(What is being asked)
Lines from the opening of the material through the line containing "Under intervjun i" must be duplicated word for word. Pictures are not.

........

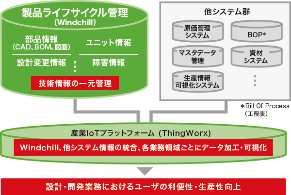 - 設計BOM、製造BOM、サービスBOMを統合した統合BOMを構築し、生産・サービスシステムと連携(Windchill)
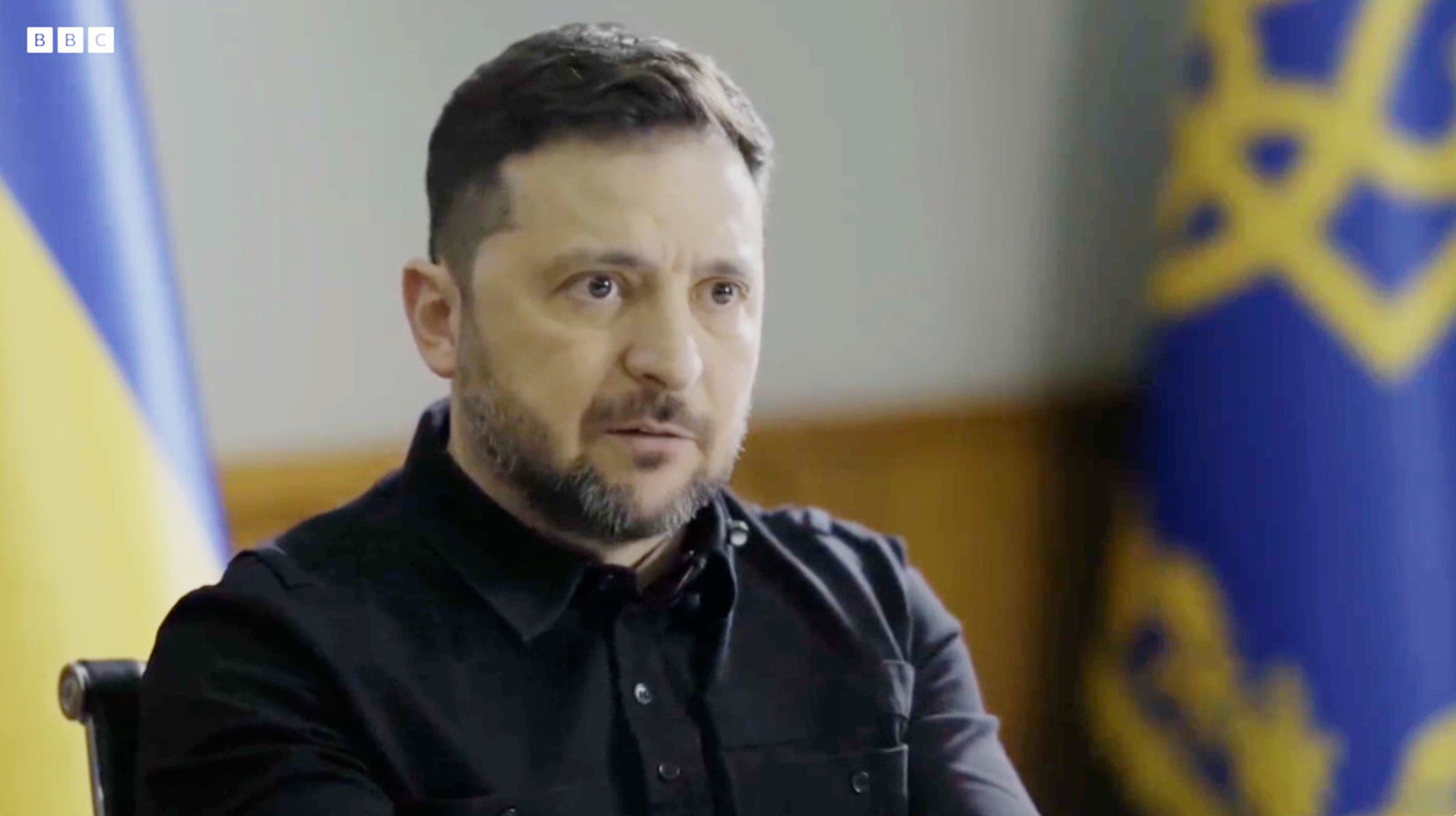 Under intervjun i regeringskvarteren i Kiev avvisar Zelenskyj alla krav på att Ukraina ska ge upp territorium i utbyte mot vapenvila.
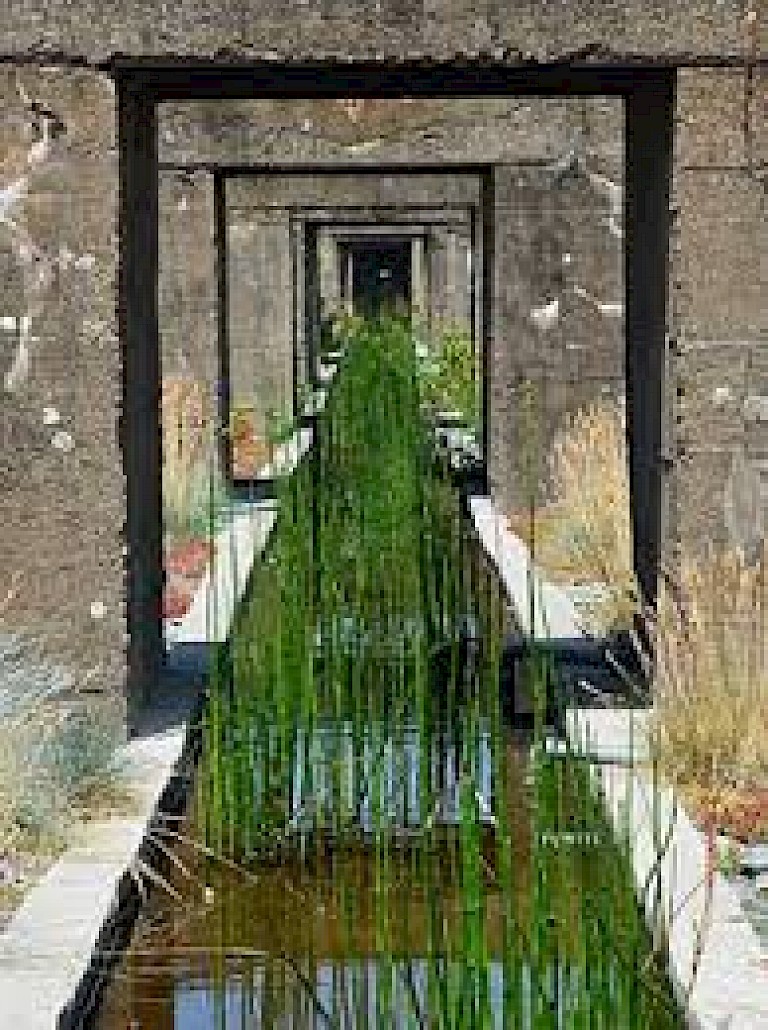 In 2012, for Le Jardin des Orpins et des Graminées (The Garden of Stonecrops and Horsetails), he uncovered rows of concrete which were then filled lengthwise with a canal of planted horsetails which the visitor encounters from a bridge giving a view of the entire base. Stonecrops and stem grass, robust plants that are emblematic of the estuary, bring vegetal life to this mineral environment. In the former submarine pit, Le Jardin des Étiquettes (The Garden of Labels), Clément added a thin layer of bedrock onto which the wind, birds, and the soles of visitors shoes will deposit seeds as they pass through. The proposal with this project, as with all the projects commissioned for Estuaire is for a continual and ongoing maintenance programme which embeds the work further in the local landscape. Twice a year, new plants will be identified planted and labelled. To complete the triptych, Clement created a ‘Third Landscape’, an undetermined fragment which designates the sum of the space left over by man to landscape evolution - to nature alone.
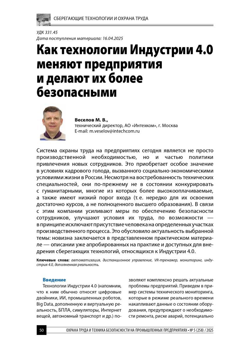 В журнале «Охрана труда и техника безопасности на промышленных предприятиях» (№5 (258) / 2025) вышла новая статья технического директора «Интехкома» Михаила Веселова. Материал посвящен актуальной теме, в примерах — кейсы нашей компании.
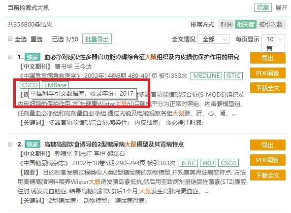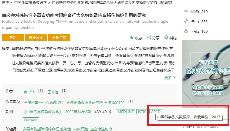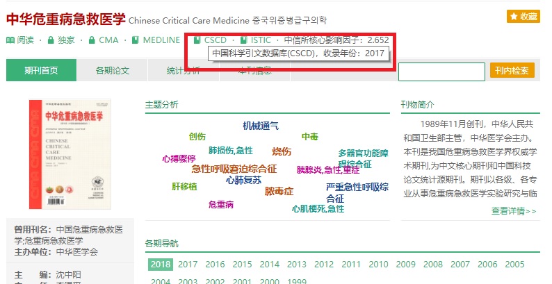 2018年,万方医学网检索发现系统提供更为精细化的服务,在文献检索结果列表、期刊首页、文献详情页,鼠标悬停显示收录源收录年份。在期刊首页显示ISTIC核心期刊影响因子。
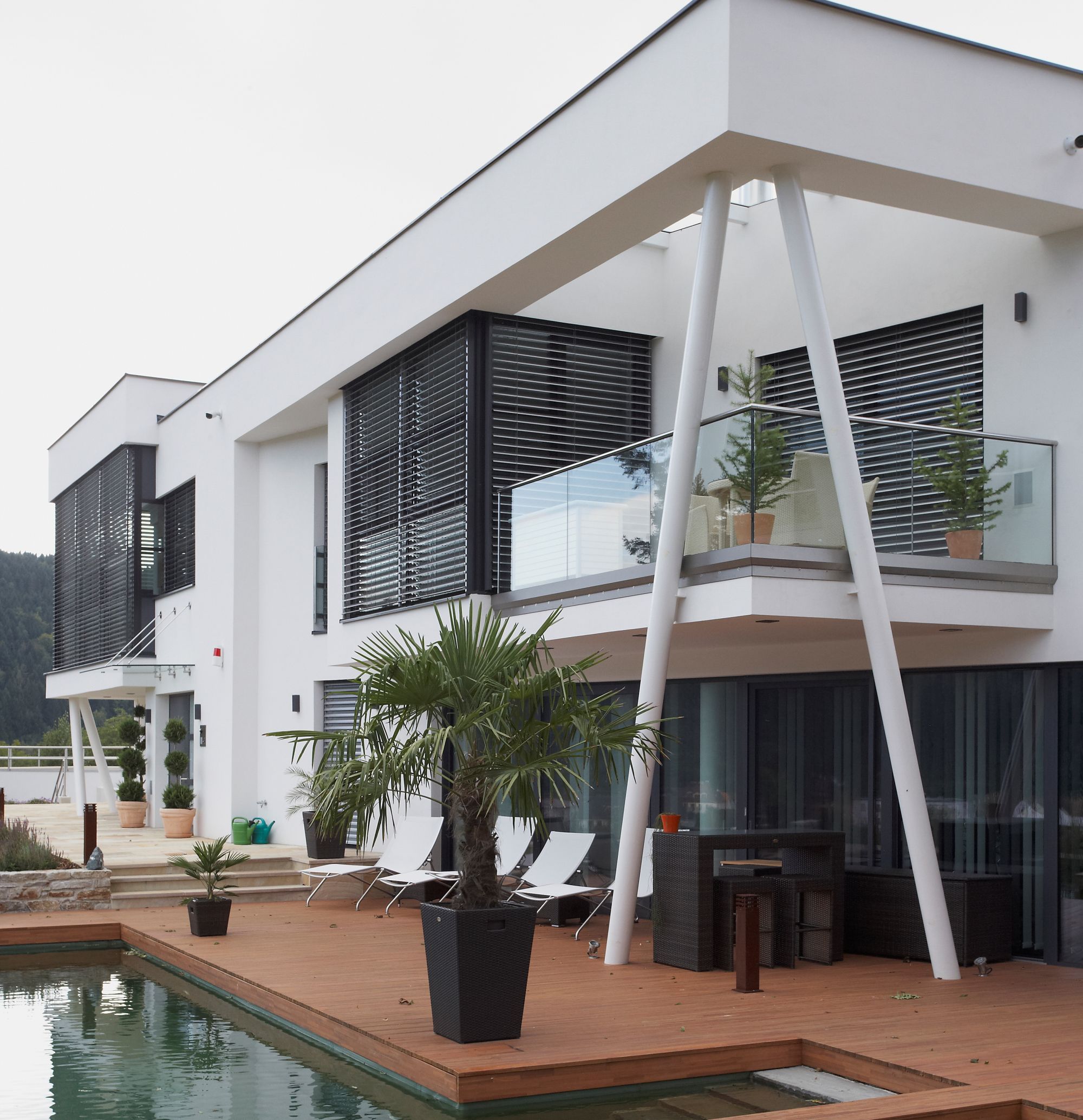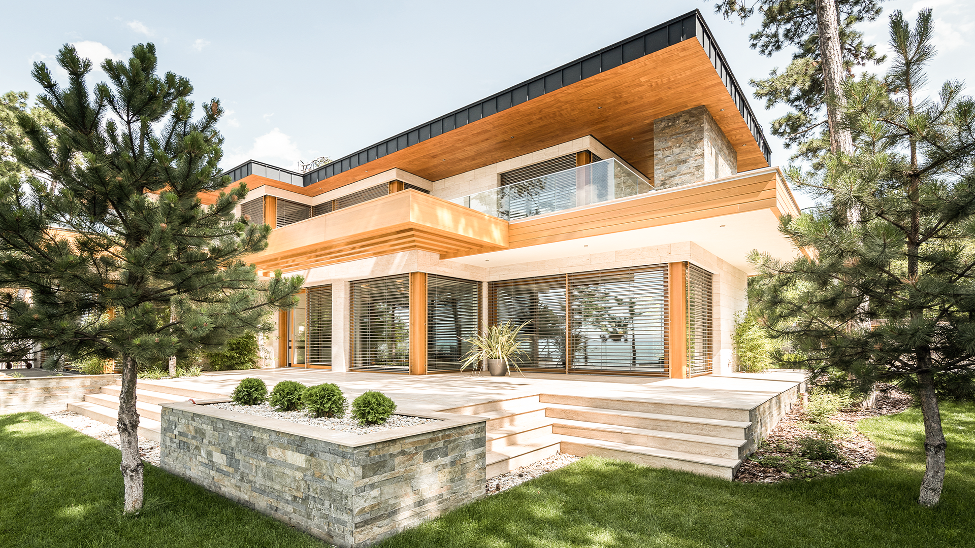 Raffstores bieten als Sichtschutz eine flexible Barriere gegen fremde Blicke. Durch verstellbare Lamellen lässt sich der Blickwinkel gezielt kontrollieren und nur gewünscht nach außen öffnen. Beim geschlossenen Zustand verhindern dicht stehende Lamellen nahezu jede Einsicht in den Innenbereich. Selbst bei angeschalteten Leuchten oder auch Tageslicht bleibt der Innenraum von außen abgeschirmt. Sie ermöglichen Privatsphäre, ohne den Raum vollständig abzudunkeln oder zu verdunkeln. Die Lamellen können je nach Bedarf leicht geneigt bleiben, um Durchsicht von unten zu vermeiden. Eine smarte Steuerung ergänzt den Sichtschutz durch zeitgesteuerte oder automatische Anpassung. Insgesamt verbinden Raffstores Privatsphäre mit ästhetischer Fassadenintegration und Komfort.
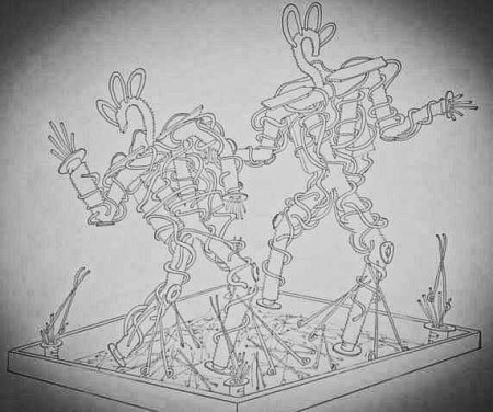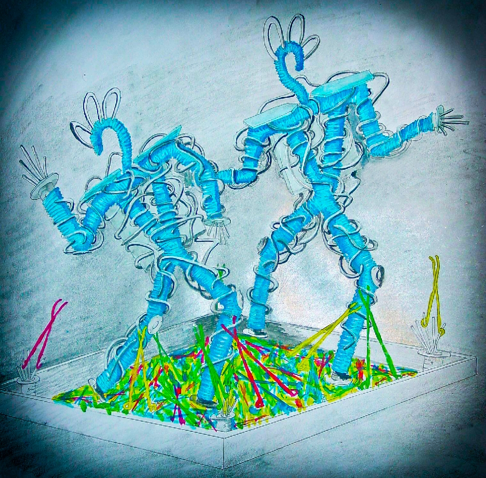 Ces deux personnages sont dans une position de mouvement : Ils dansent. Ils montrent ainsi leur pensées joyeuses et heureuses. L’un d’eux se relève, comme après une chute. Dans le même moment, ils sont aidés pour les pinces multicolores (rouge, bleu, jaune, vert) bienveillantes des médecins. Les mains aux quatres coins du socle représentent celles des docteurs et infirmières qui les encadrent et les soignent. Mes deux personnages symbolisent ainsi la victoire des médecins, du patient et leur bien-être physique et moral après les miracles de la médecine et des recherches.
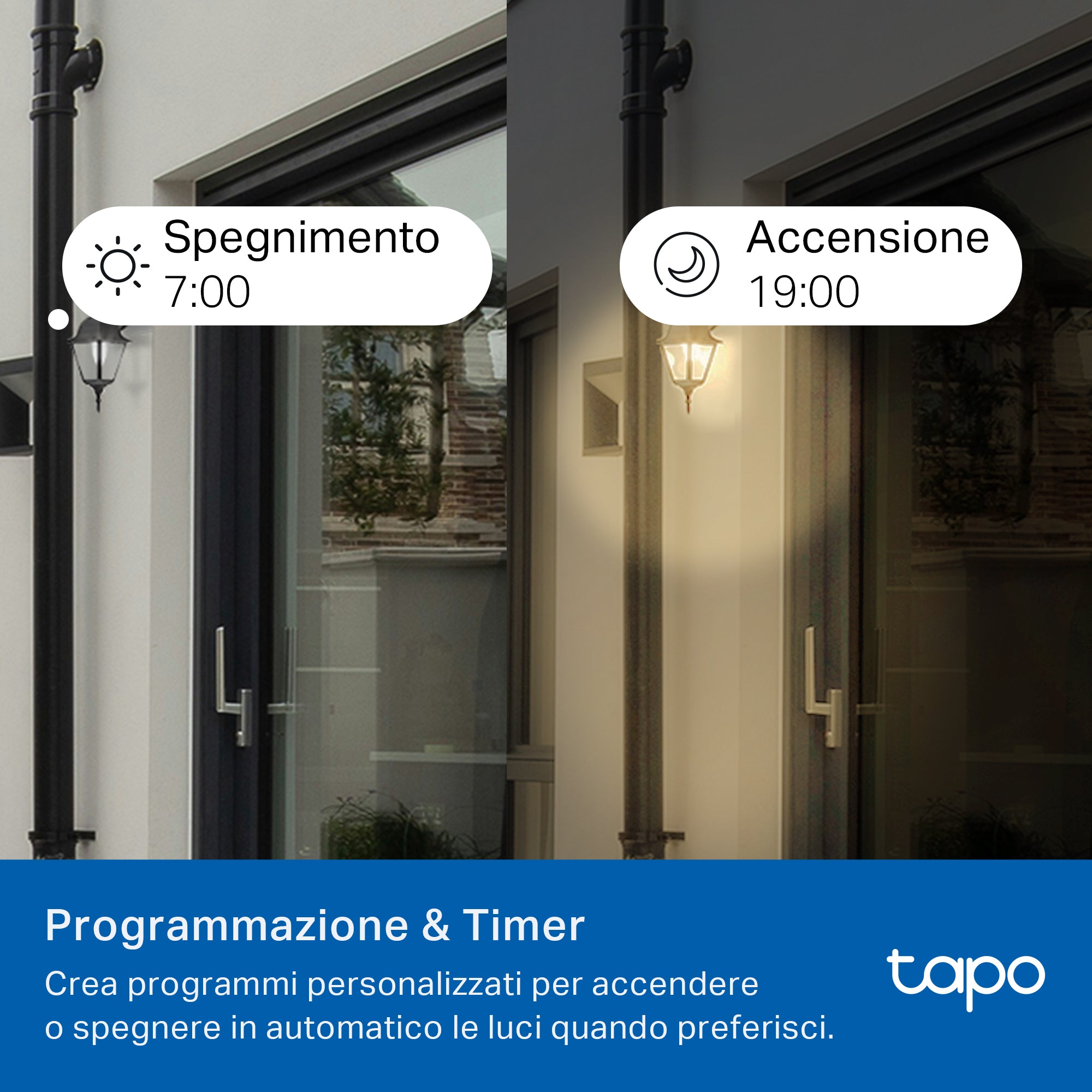 - ● Programmazione e timer - crea una programmazione regolare per accendere/spegnere la luce esterna del portico con gli effetti luminosi che preferisci.

........

(Solution for this problem)
 - 設計BOM、製造BOM、サービスBOMを統合した統合BOMを構築し、生産・サービスシステムと連携(Windchill)
 Under intervjun i regeringskvarteren i Kiev avvisar Zelenskyj alla krav på att Ukraina ska ge upp territorium i utbyte mot vapenvila.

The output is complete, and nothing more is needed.